# java moss?



## joker76 (Dec 4, 2007)

i bought some java moss.i don't know what to do with it,lol.its a clump.do i float it or if i leave it on a rock/wood? it will attach itself to it?


----------



## kornphlake (Feb 12, 2004)

You can do whatever you like with it. A lot of breeders use it in their tanks and just let it float around. I've got mine stuffed between rocks in one tank and tied with thread to a piece of drift wood in another tank, my 3rd planted tank just has a clump resting on the sand. I don't think there is a right or wrong thing to do with it, it's more a personal preference.
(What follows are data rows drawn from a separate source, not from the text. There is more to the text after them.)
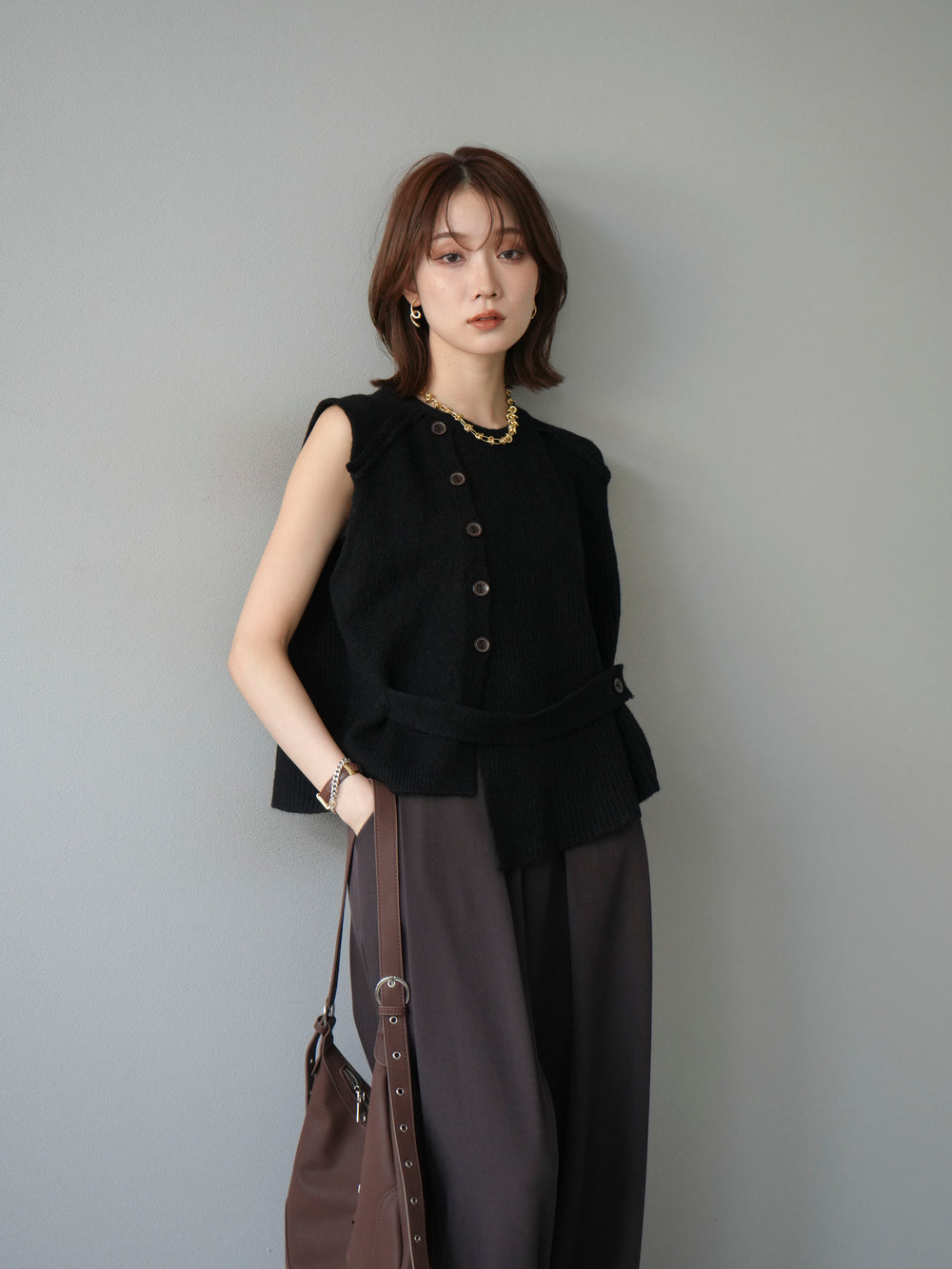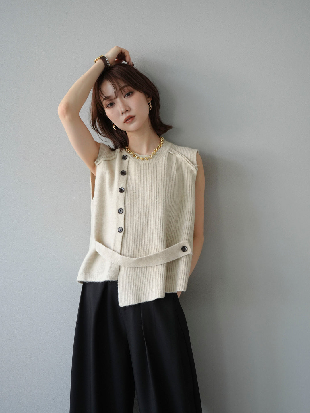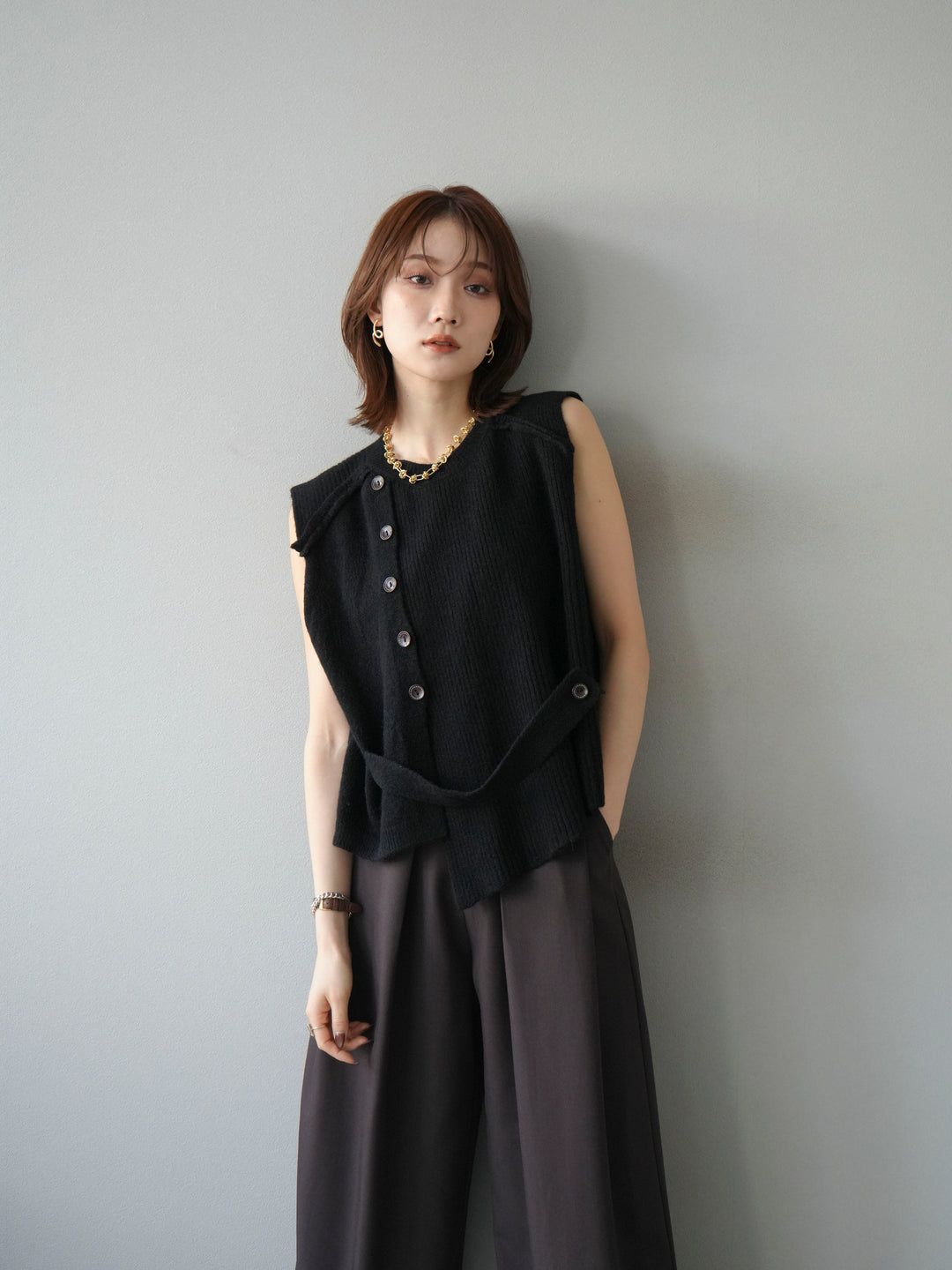 [予約]ゴールドボタンコンパクトニットベスト/ブラック
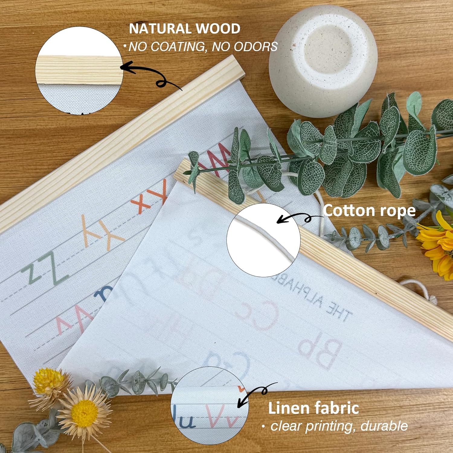 - Product Dimensions: Versatile 2 pieces per set 12 x 21 inches, alphabet banner a fun and toddler educational posters piece that features a canvas scroll with colorful ABC poster and numbers and wooden frames.
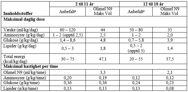 For Olimel N9 er de begrensende faktorene for de ovenfornevnte pediatriske aldersgrupper, aminosyre konsentrasjon for daglig dose. I aldergruppen 2 til 11 år er, de begrensende faktorene glukose konsentrasjon for hastighet per time. I aldergruppen 12 til 18 år er, de begrensende faktorene aminosyre konsentrasjonen både for hastighet per time. De resulterende inntakene vises nedenfor:
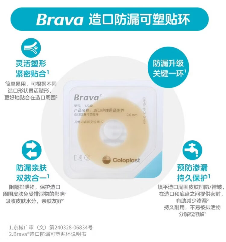 康乐保12030/12042可塑防漏贴环Brava防漏膏防漏圈 造口护理附件 1907*1+12021*10+12035*10
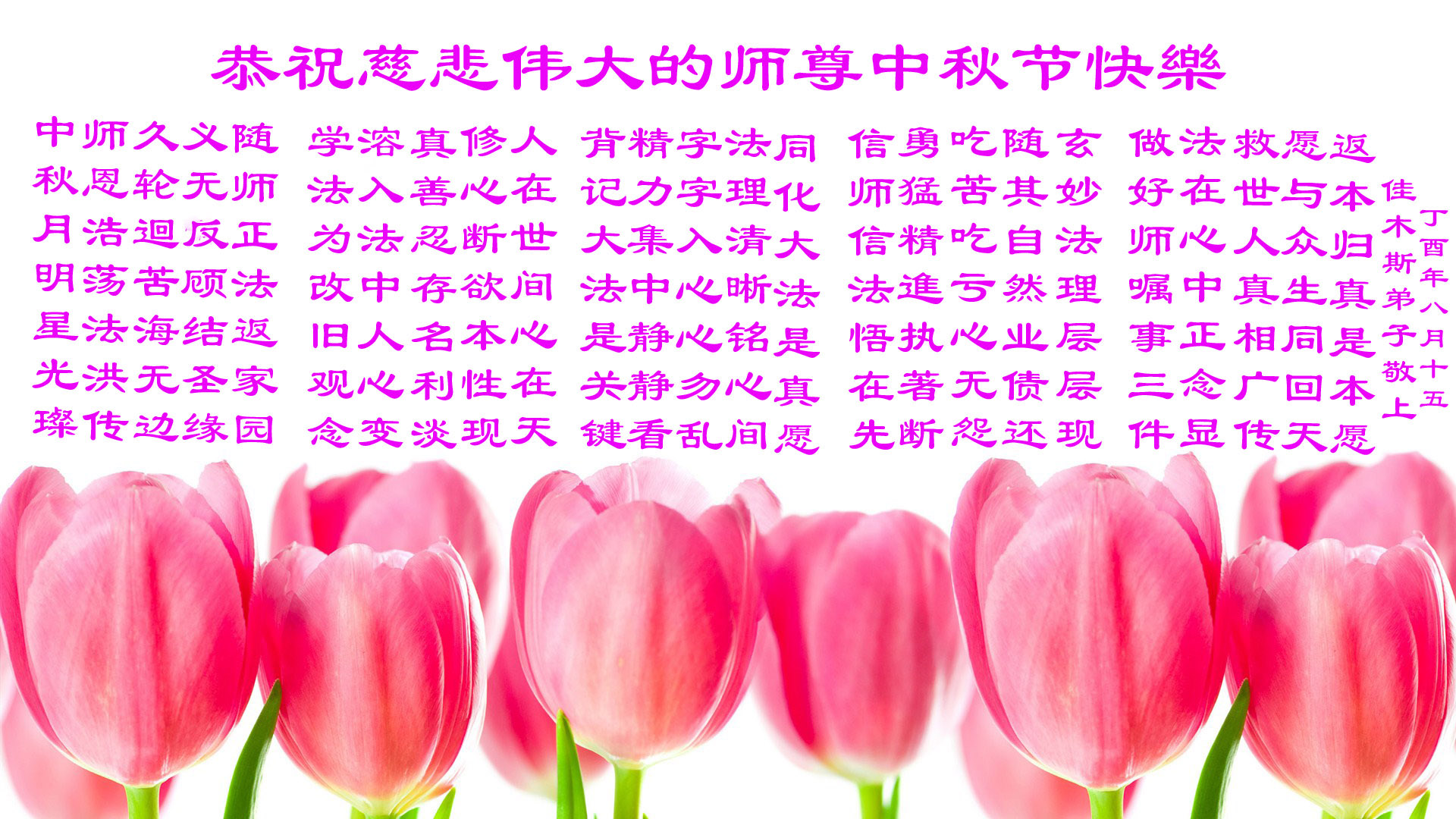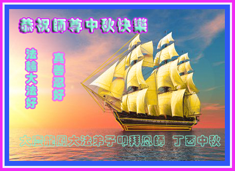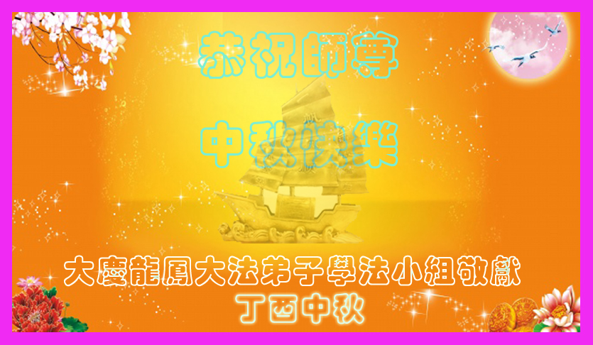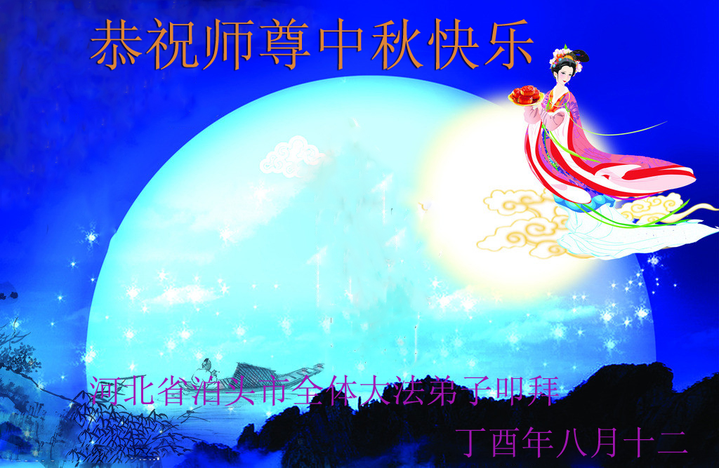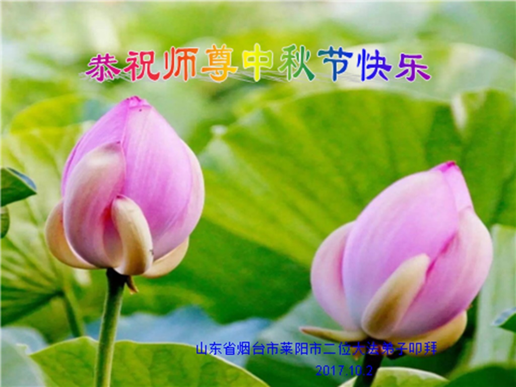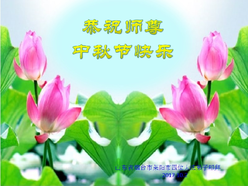 师父中秋好! 哈尔滨三姐妹请师父放心,在正法的最后时刻,我们一定不辜负师父的期盼,认真学法,修好自己,多救人,做一个合格的大法弟子。 辽源市大法弟子恭祝慈悲伟大的师尊中秋快乐!
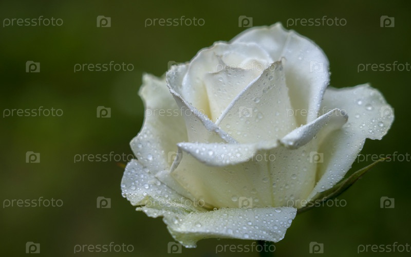 Белая роза в каплях росы крупным планом на фоне размытой зелени
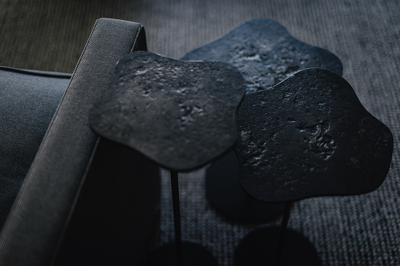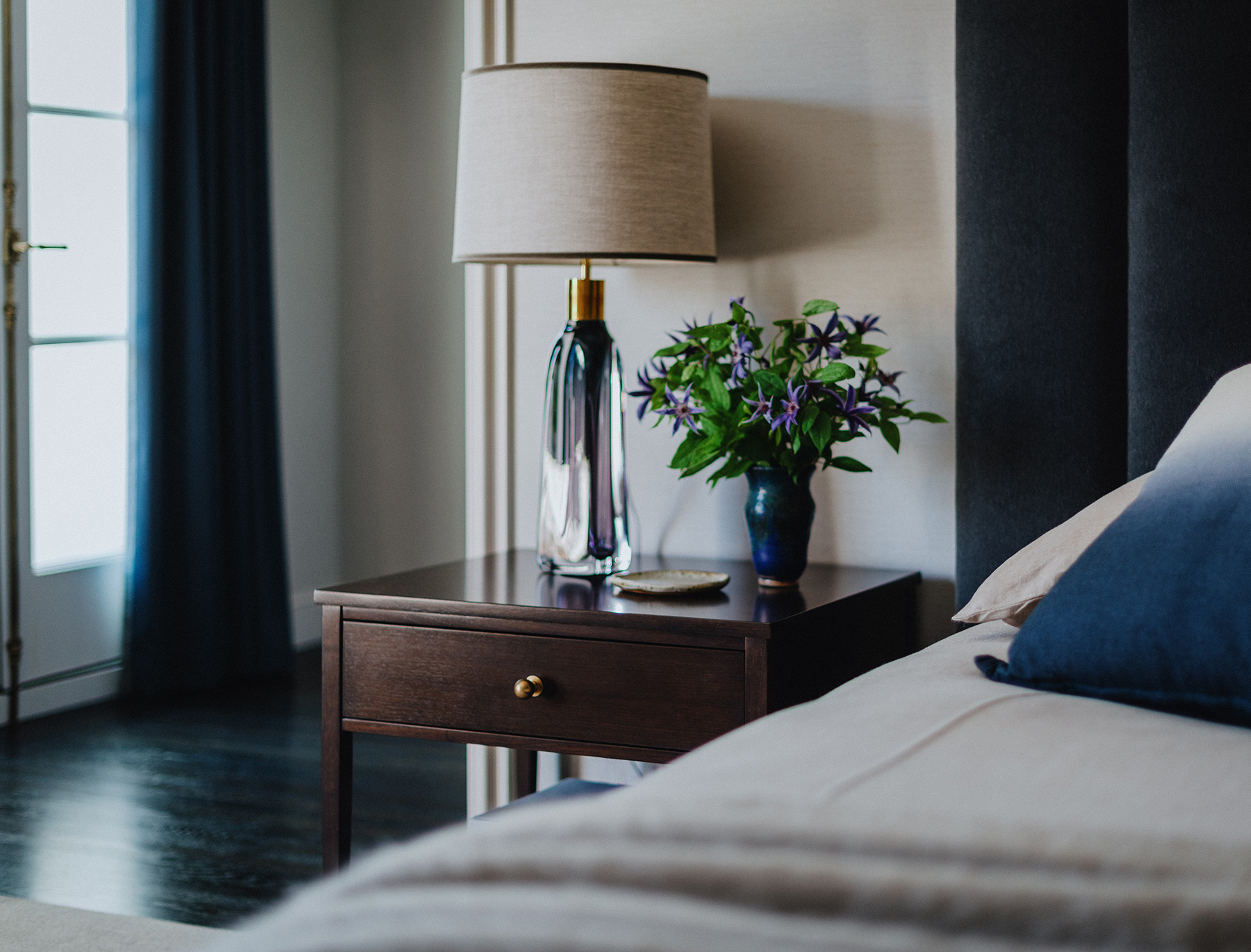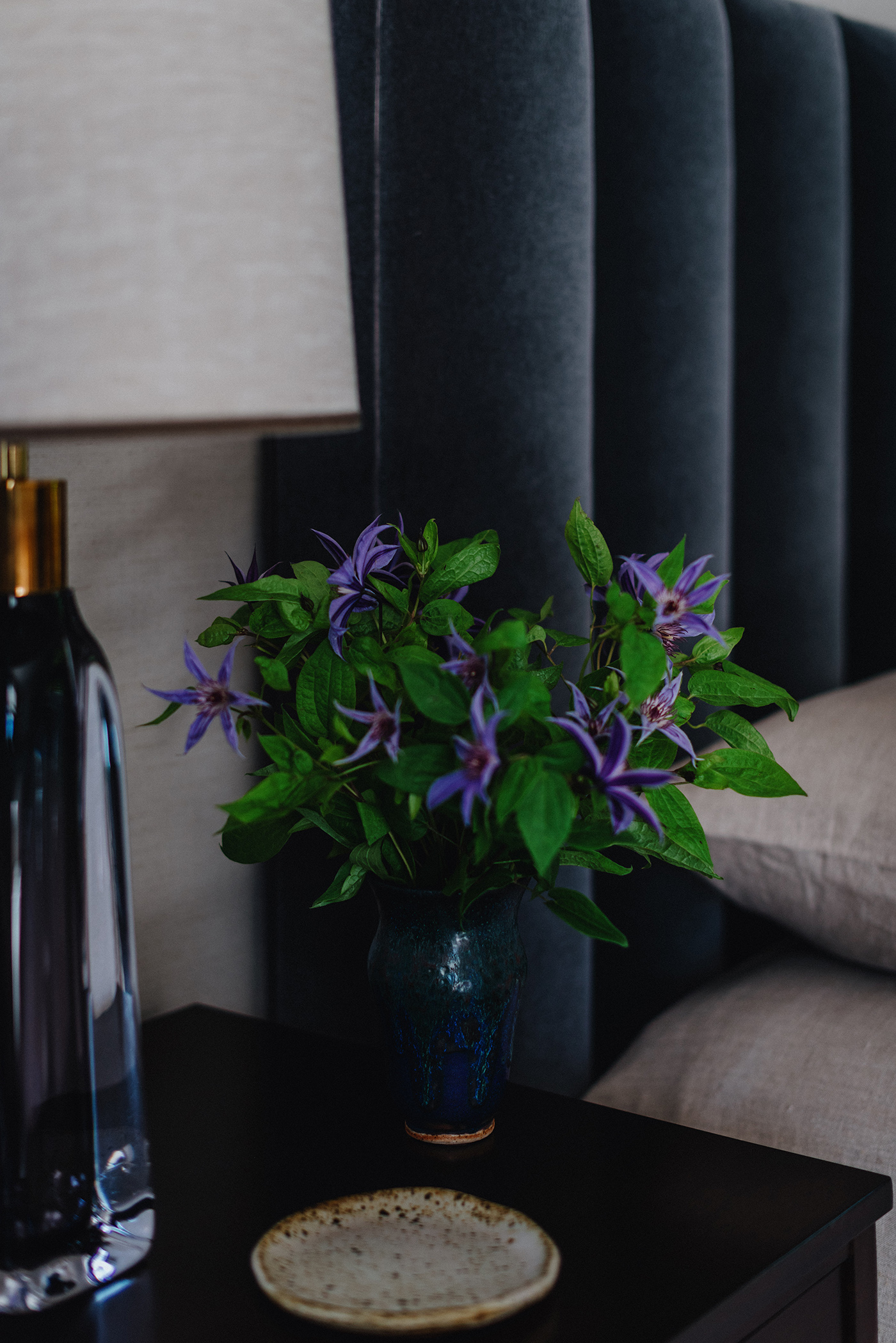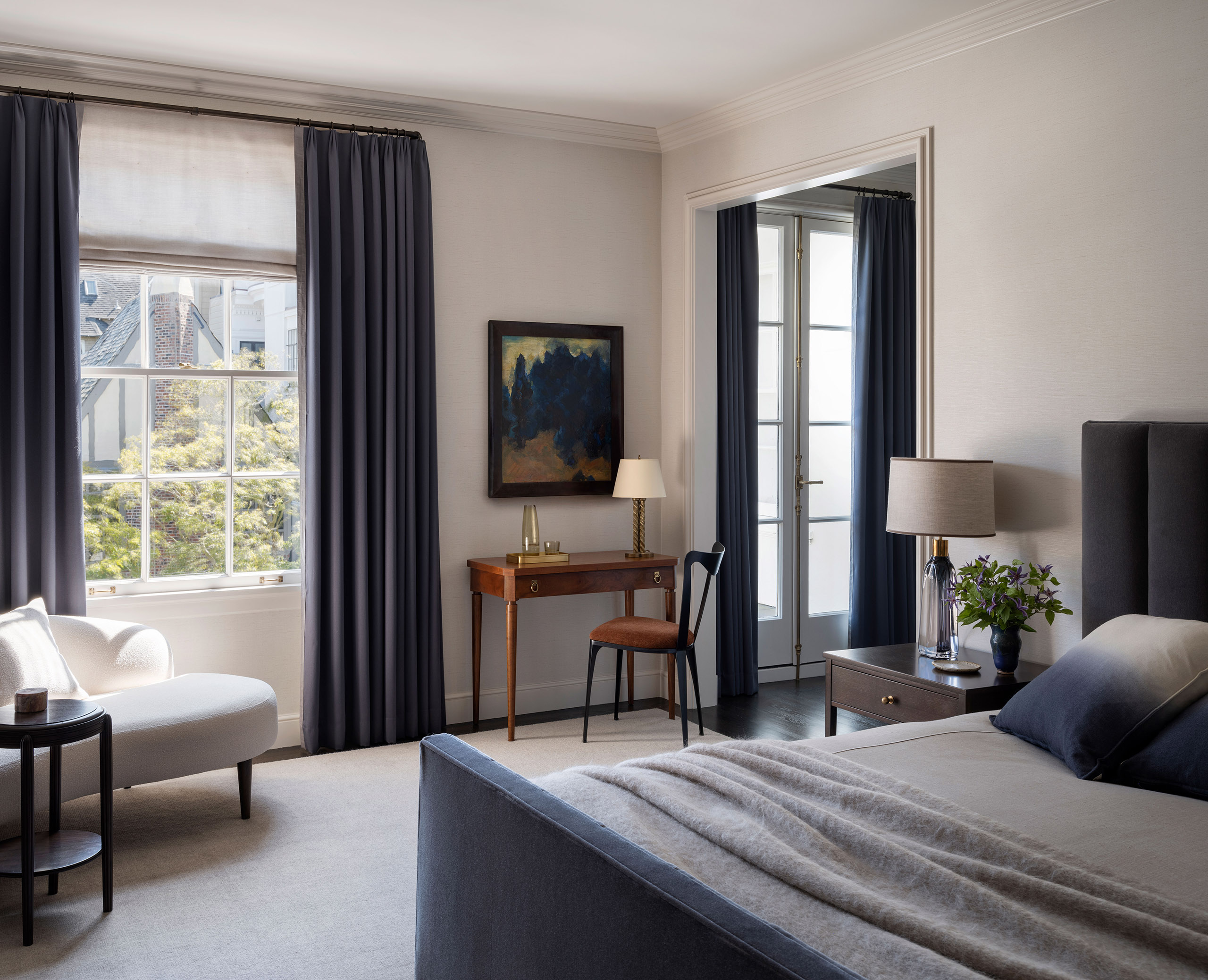 The Primary Suite features the client’s preferred color of calming blue, a hue that threads through the home’s otherwise achromatic tones and soft textures.
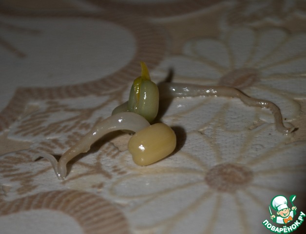 Начинаем проращивать маш. Промыли, залили водой на 8 часов (я ставила на ночь). По истечению этого срока маш следует промыть. Намачиваем полотенце либо кухонное вафельное, либо, к примеру, я брала маленькое махровое, оно лучше влагу держит. - простилаем полотенце на тарелку, высыпаем на него промытый маш и накрываем второй частью полотенца. Ставим в теплое место на 2 суток (можно меньше - будете смотреть по росткам). Единственное за чем надо следить - за влажностью полотенца, время от времени надо поливать его водичкой, чтоб сохранялась влажная среда.
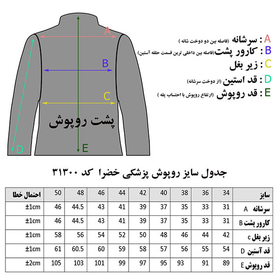 سایز بندی34 / 36 / 38 / 40 / 42 / 44 / 46 / 48 / 50 / 52مدلزنانه و مردانهجنسپارچه ترگال بدون آبرفت و تغییر سایزآپشننیم یقه و دارای جیب های کنار روپوش
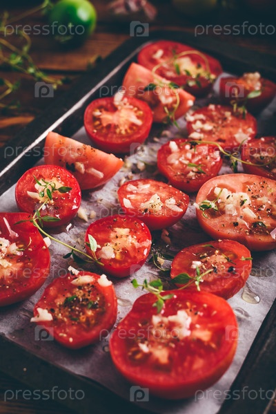 Приготовление вяленых помидоров с тимьяном и чесноком на противне

It will attach to rock or wood if that's your goal, if not it may attach to just about anything, I've got pieces of sand it attached to in the tank where it isn't intentionally attached to anything, I've seen it attach itself to filter outputs when it was left to float and ended up near the output long enough to grab on, I've heard it can attach itself to glass.


----------



## alicem (Jul 26, 2007)

Good tips, Kornphlake.
Another idea is to "sandwich" it between two pieces of plastic mesh. (You can find the mesh in the sewing/craft area in discount stores like Wally World.)
Use fishing line to "sew" the two pieces together. 
In a short time the moss will grow though the mesh and you won't see the mesh. 
If black or dark green mesh is available, it would be disquised sooner.
You can take the moss sandwich out of the aquarium and trim it when it grows too long.


----------